Büyüme masalları anlatılırken halk yoksullaşıyor, kriz yönetiliyor ama çözülmüyor. 2026, ne piyasaların ne de otoriterliğin kurtarabileceği bir yıl olacak. Bu düzen ya değişecek ya da hepimizi daha sert biçimde ezmeye devam edecek.
2026’ya yaklaşırken dünya ve Türkiye, artık geçici dalgalanmalarla, seçim takvimleriyle ya da “dış şok” söylemleriyle açıklanamayacak ölçüde derin, yapısal ve tarihsel bir krizin içindedir. Bu tablo basit bir konjonktür sorunu değildir; küresel kapitalizmin, sermaye birikimini toplumsal refahın önüne koyan neoliberal mimarisinin doğal sonucudur.
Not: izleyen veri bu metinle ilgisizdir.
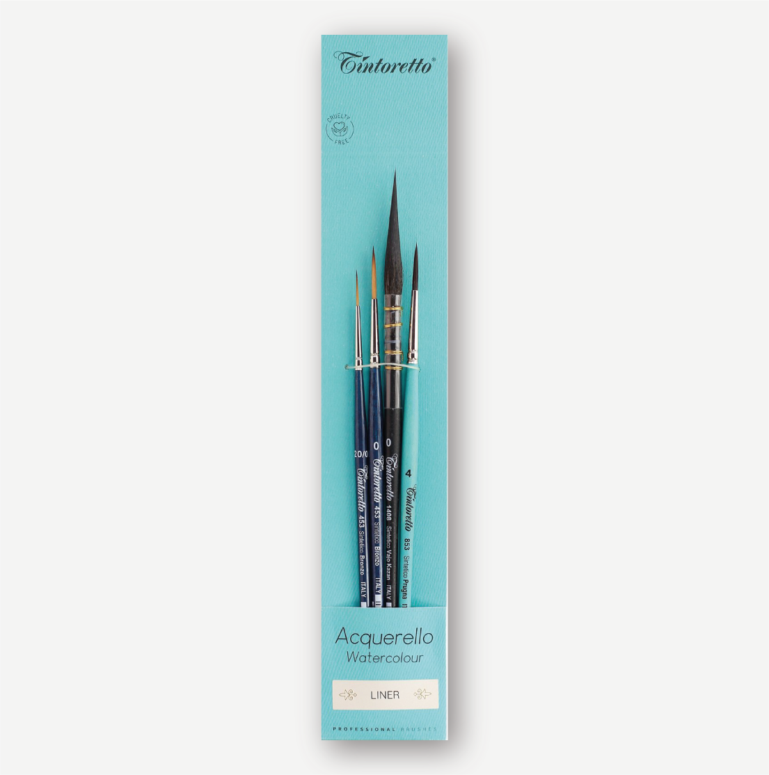TINTORETTO Set Pennelli LINER per Acquerello. All’interno della confezione si trovano 4 pennelli parliamo delle serie: 453 (2 pennelli), 853 e 1408. Sono perfetti per realizzare dettagli fini e sono 100% cruelty free.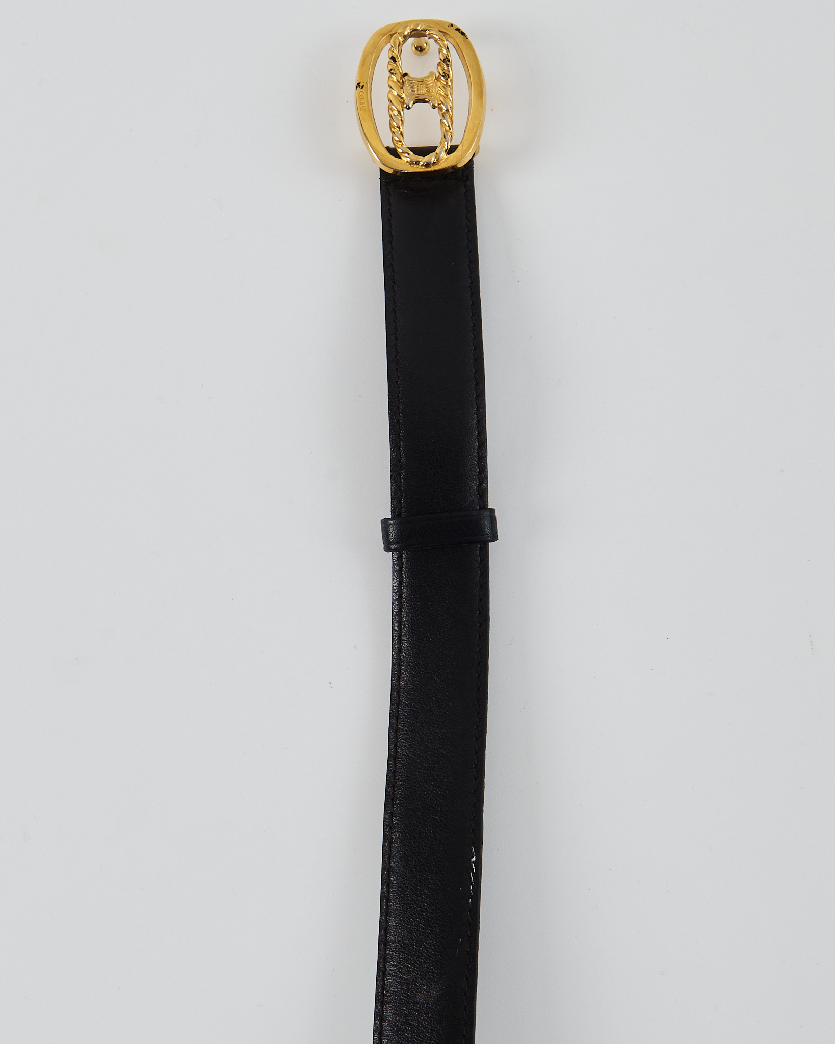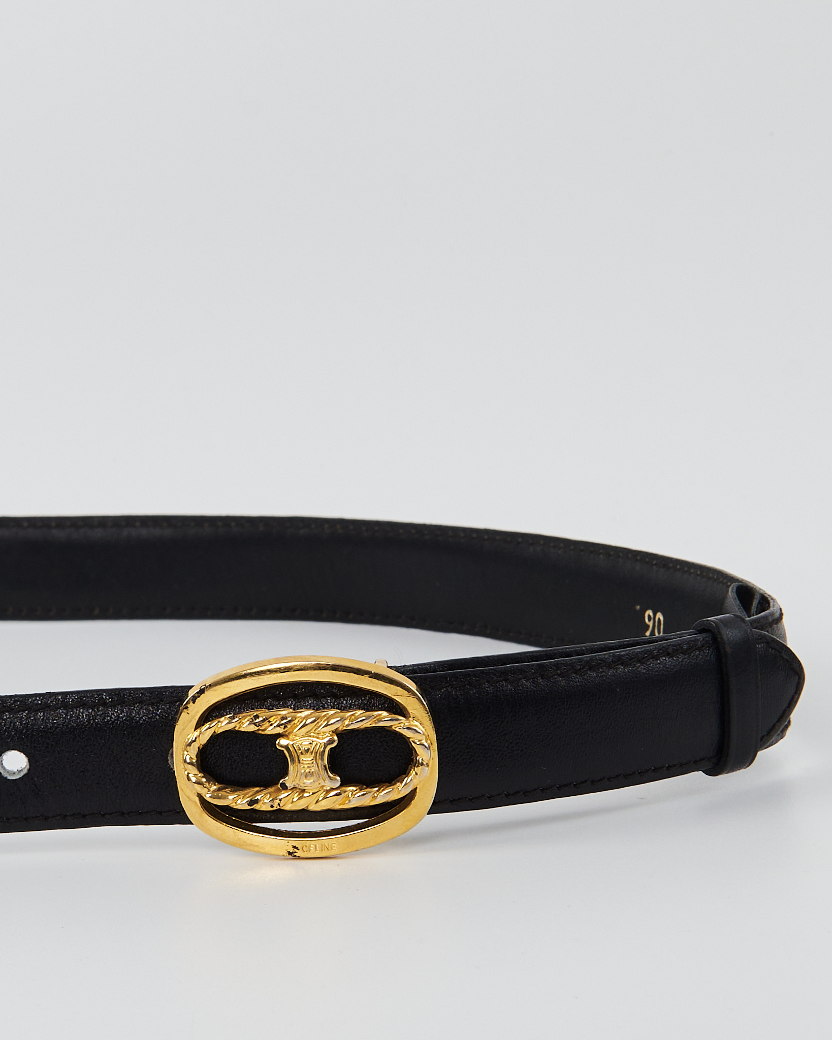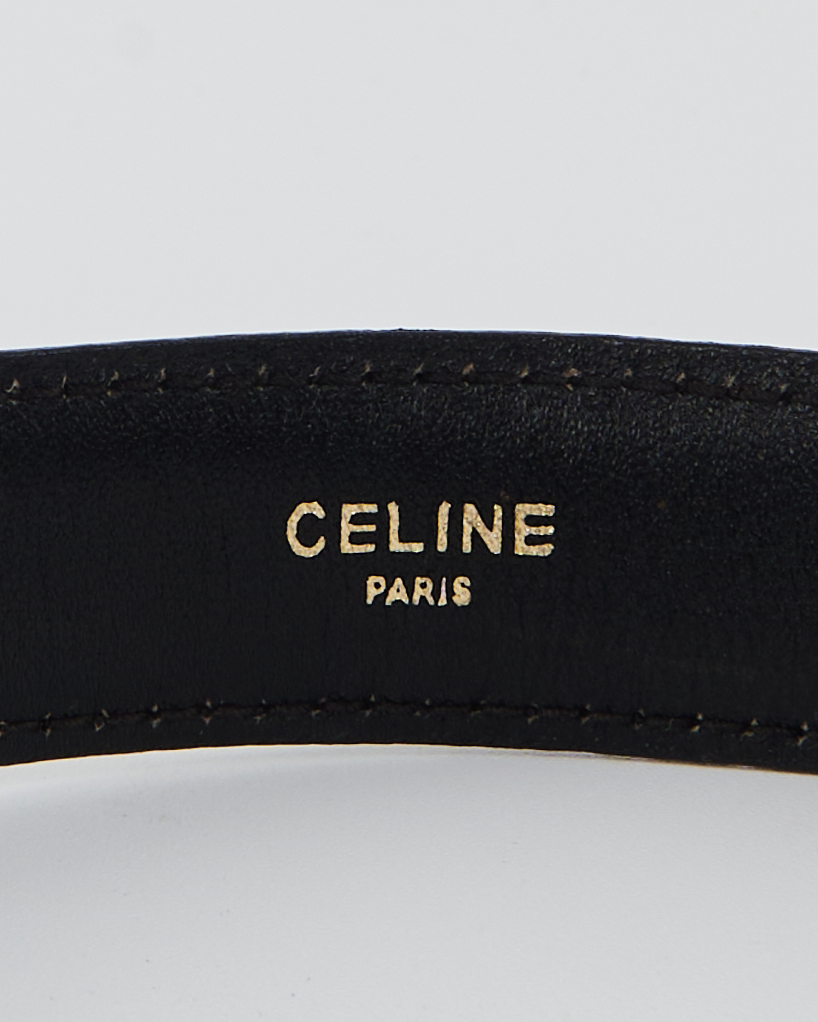 Ремень Celine с золотой пряжкой. Плотный, гладкий материал с мягкой пластинкой и деликатным блеском. С овальной золотистой пряжкой с логотипом бренда.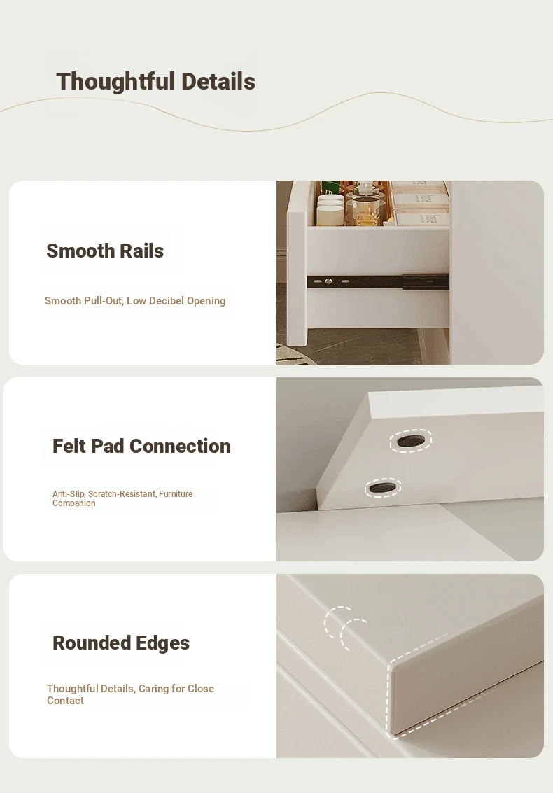 [Cloud Mirror + Back Stool] 31.50in Table + 31.50in Three-Drawer Cabinet

Kriz bir sapma değil, sistemin normal çalışma biçimine dönüşmüştür. Devletler hâlâ büyüme hikâyeleri anlatırken toplumlar yoksullaşmakta, siyaset ise çözüm üretmek yerine bu yoksullaşmayı “yönetilebilir” kılmaya çalışmaktadır.
Bugün siyaset sahnesinde gördüğümüz şey tam olarak budur: Yoksulluğu ortadan kaldırmak değil, yoksullukla yaşamayı normalleştirmek. Asgari ücret tartışmaları, sosyal yardımlar, geçici destek paketleri… Hepsi aynı sorunun etrafında dönüyor ama sorunun kendisine dokunmuyor. Çünkü mevcut düzen için yoksulluk bir arıza değil, işlevsel bir araçtır.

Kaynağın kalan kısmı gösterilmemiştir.